**TASK STATEMENT**
Please print nothing but the lines from the one containing "4月19日,安徽省科学技术厅" to the final line below, exactly, and no pictures.

------ DATA SHOWN

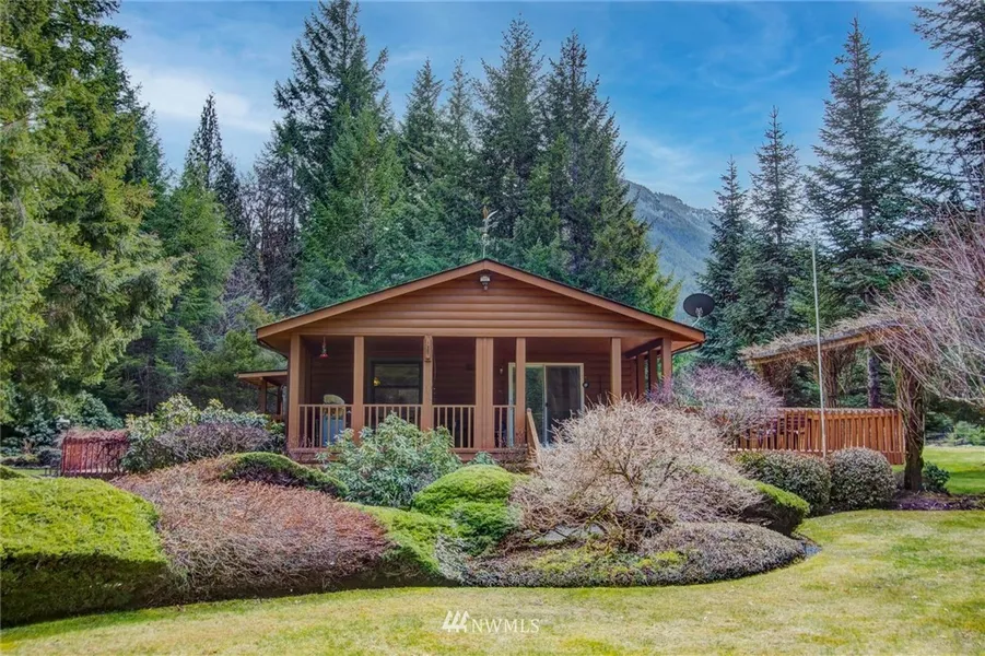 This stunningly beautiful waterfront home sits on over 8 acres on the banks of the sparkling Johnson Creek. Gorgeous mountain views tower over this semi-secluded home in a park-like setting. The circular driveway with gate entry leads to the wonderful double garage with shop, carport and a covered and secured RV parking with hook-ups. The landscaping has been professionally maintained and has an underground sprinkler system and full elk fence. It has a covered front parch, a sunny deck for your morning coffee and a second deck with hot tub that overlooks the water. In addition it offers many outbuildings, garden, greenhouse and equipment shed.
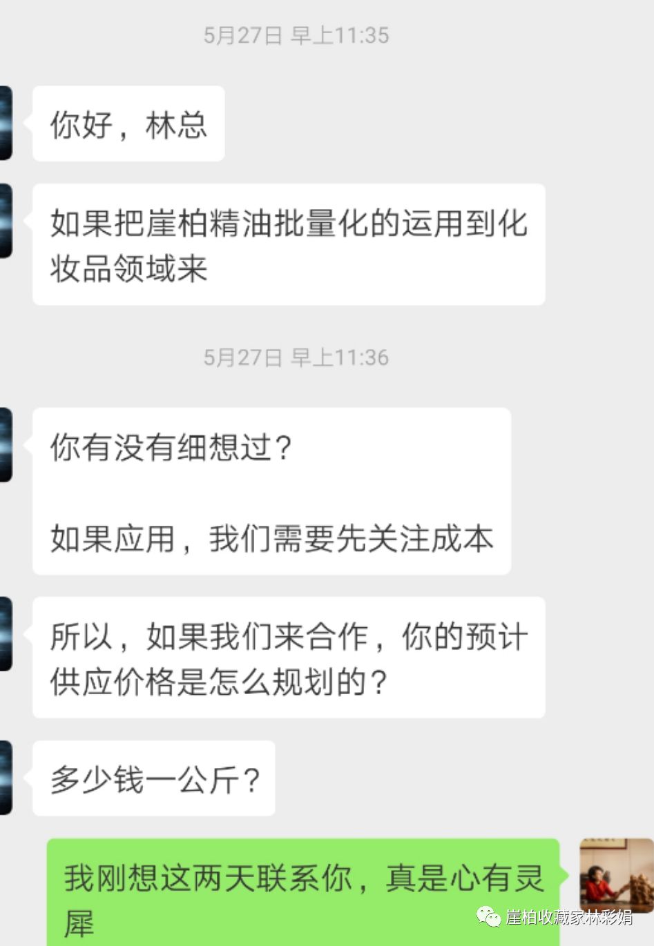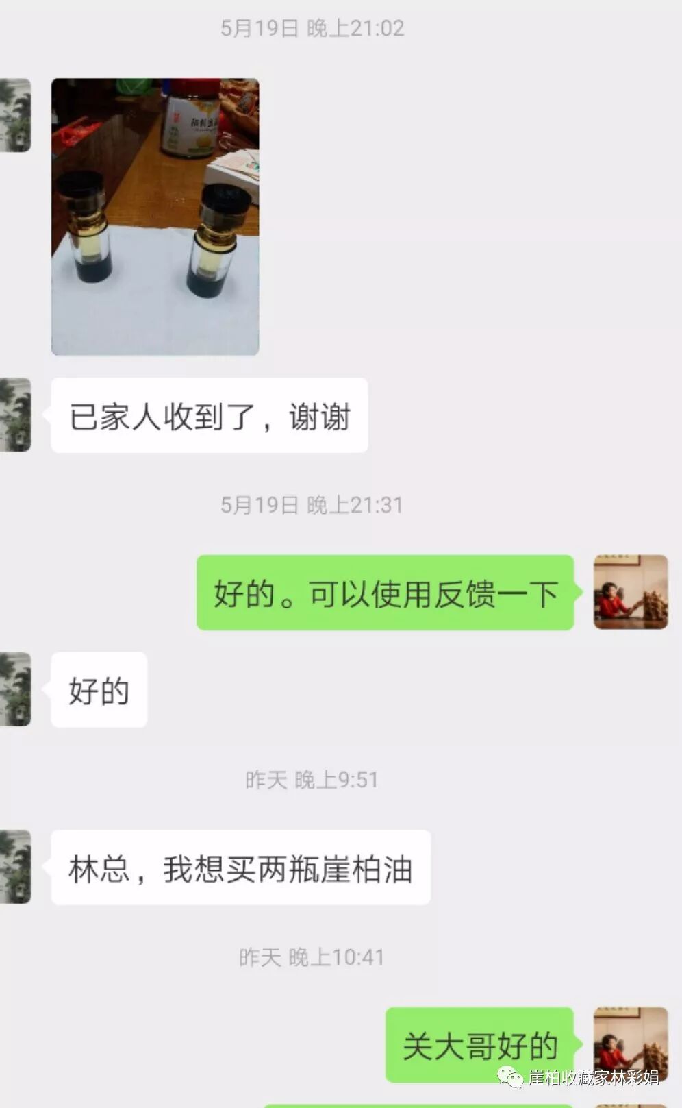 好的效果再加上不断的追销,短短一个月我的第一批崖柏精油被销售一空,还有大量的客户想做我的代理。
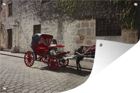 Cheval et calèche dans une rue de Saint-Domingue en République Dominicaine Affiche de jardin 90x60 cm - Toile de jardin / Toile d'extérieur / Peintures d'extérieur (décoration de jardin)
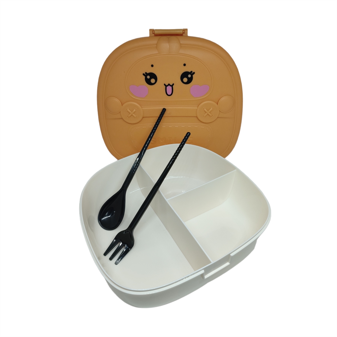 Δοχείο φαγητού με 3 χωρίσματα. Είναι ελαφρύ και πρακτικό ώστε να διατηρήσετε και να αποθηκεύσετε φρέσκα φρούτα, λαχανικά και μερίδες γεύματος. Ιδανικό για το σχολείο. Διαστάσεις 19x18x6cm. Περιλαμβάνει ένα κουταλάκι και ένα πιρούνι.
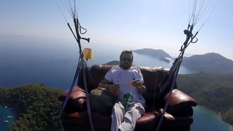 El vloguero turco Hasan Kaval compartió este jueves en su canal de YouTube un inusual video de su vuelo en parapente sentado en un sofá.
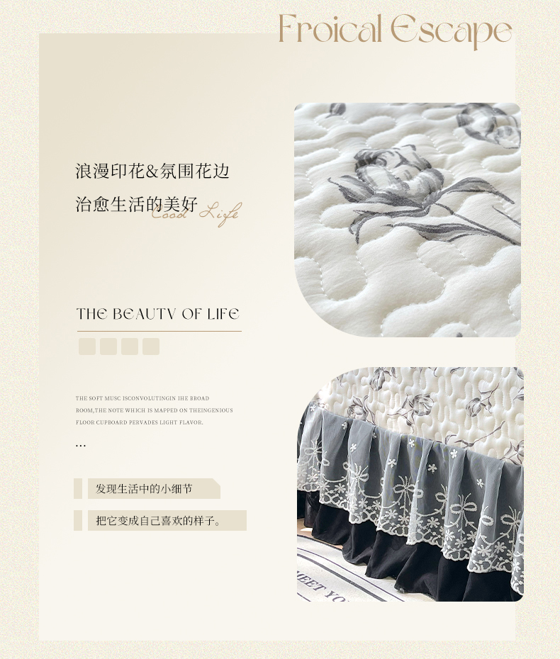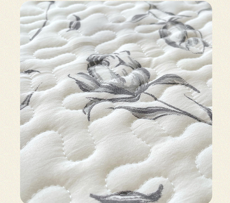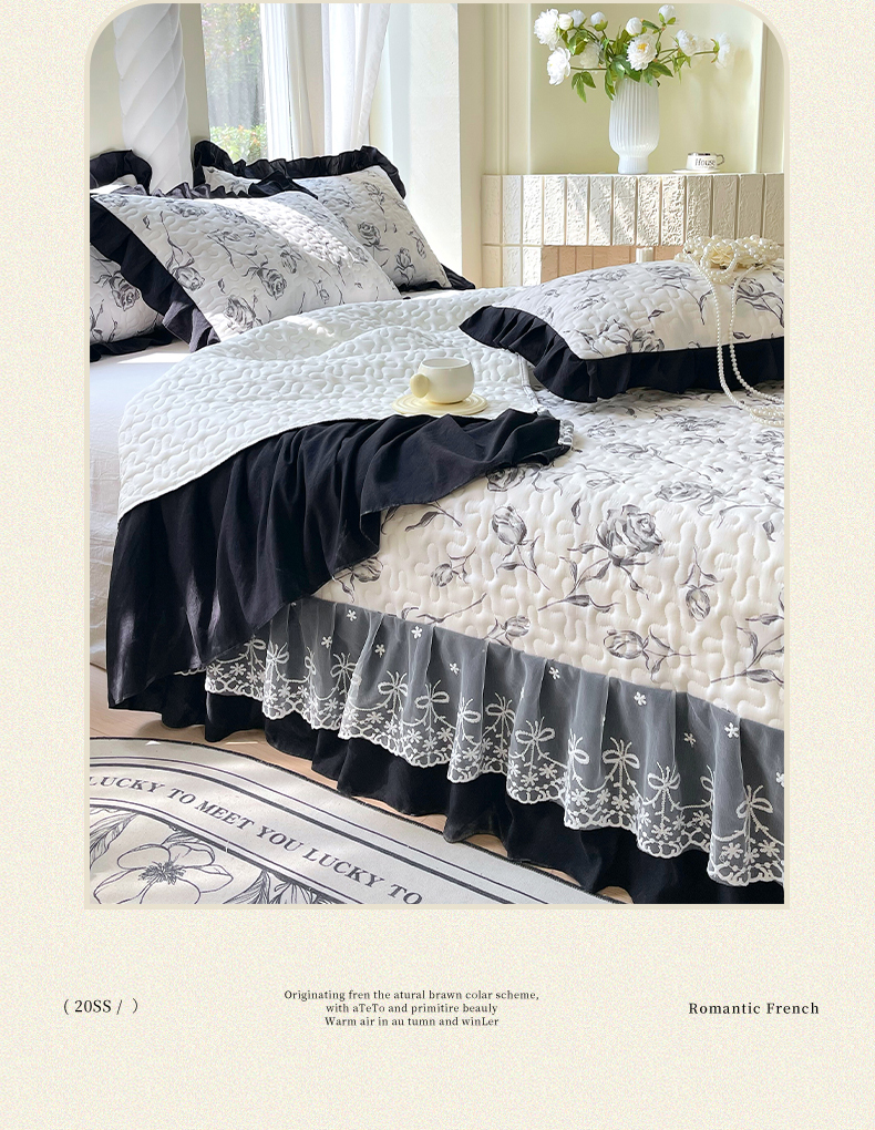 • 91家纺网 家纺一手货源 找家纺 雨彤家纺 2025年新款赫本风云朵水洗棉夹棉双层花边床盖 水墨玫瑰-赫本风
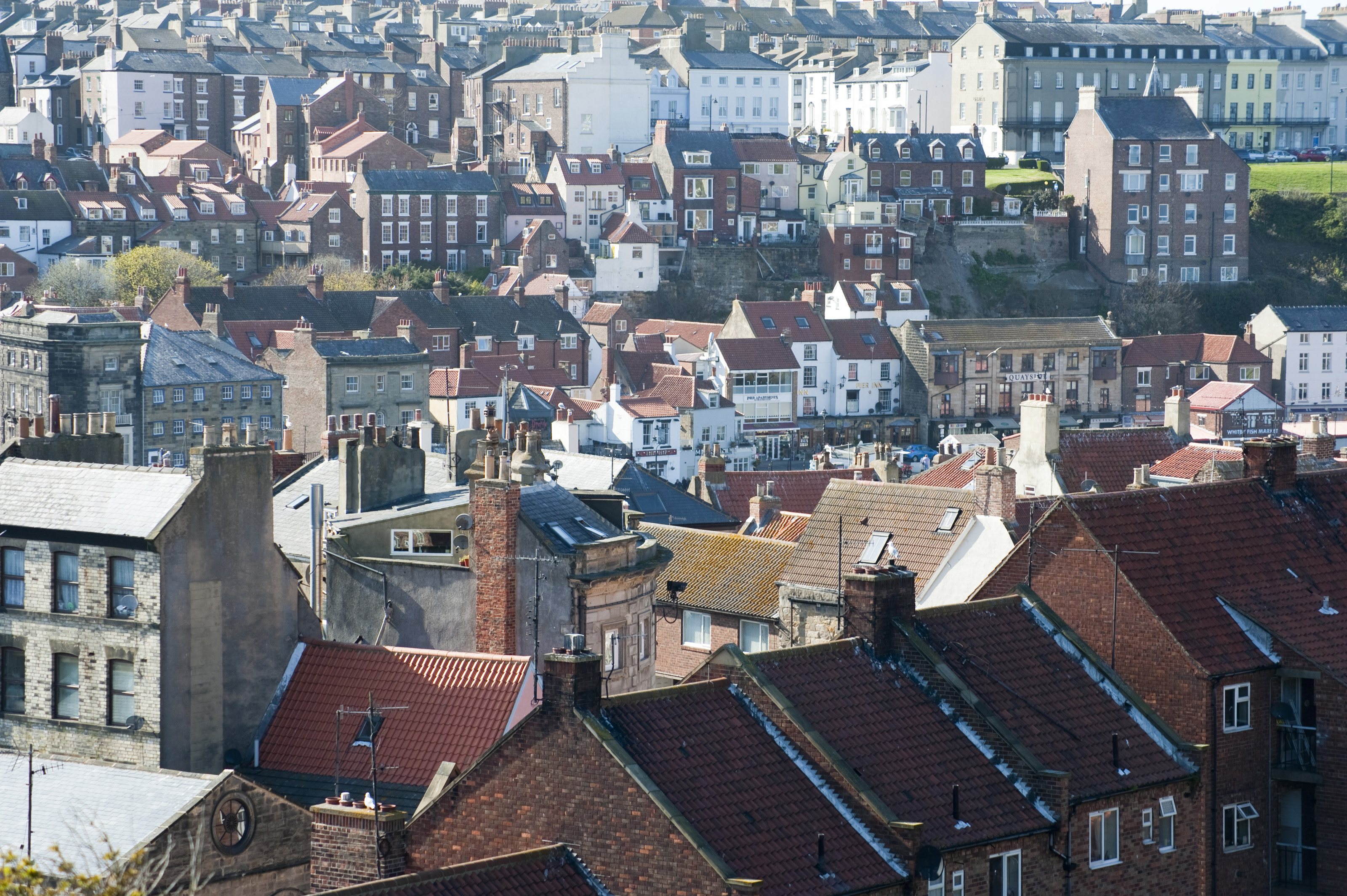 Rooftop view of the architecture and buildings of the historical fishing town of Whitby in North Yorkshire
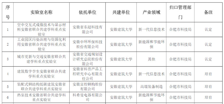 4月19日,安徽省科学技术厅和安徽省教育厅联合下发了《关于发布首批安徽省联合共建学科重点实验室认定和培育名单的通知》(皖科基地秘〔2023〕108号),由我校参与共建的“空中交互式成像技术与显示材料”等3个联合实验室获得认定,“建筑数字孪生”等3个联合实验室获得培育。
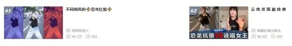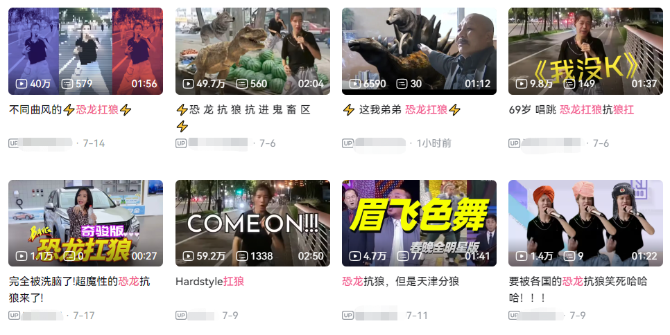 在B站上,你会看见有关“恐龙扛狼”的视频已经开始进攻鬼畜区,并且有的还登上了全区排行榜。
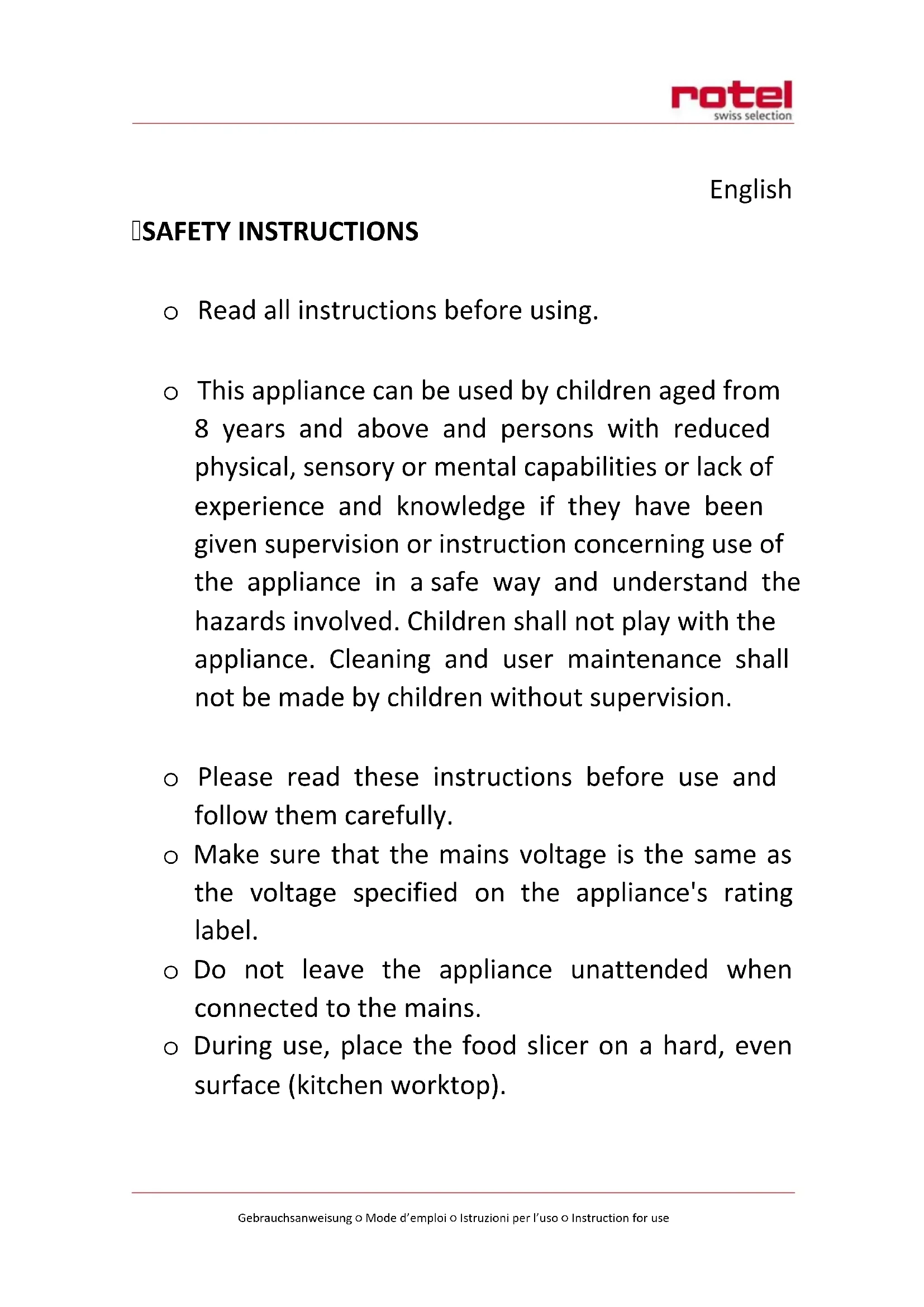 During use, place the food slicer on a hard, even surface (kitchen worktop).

------------

**SOLUTION TO THIS EXERCISE**
 4月19日,安徽省科学技术厅和安徽省教育厅联合下发了《关于发布首批安徽省联合共建学科重点实验室认定和培育名单的通知》(皖科基地秘〔2023〕108号),由我校参与共建的“空中交互式成像技术与显示材料”等3个联合实验室获得认定,“建筑数字孪生”等3个联合实验室获得培育。
 在B站上,你会看见有关“恐龙扛狼”的视频已经开始进攻鬼畜区,并且有的还登上了全区排行榜。
 During use, place the food slicer on a hard, even surface (kitchen worktop).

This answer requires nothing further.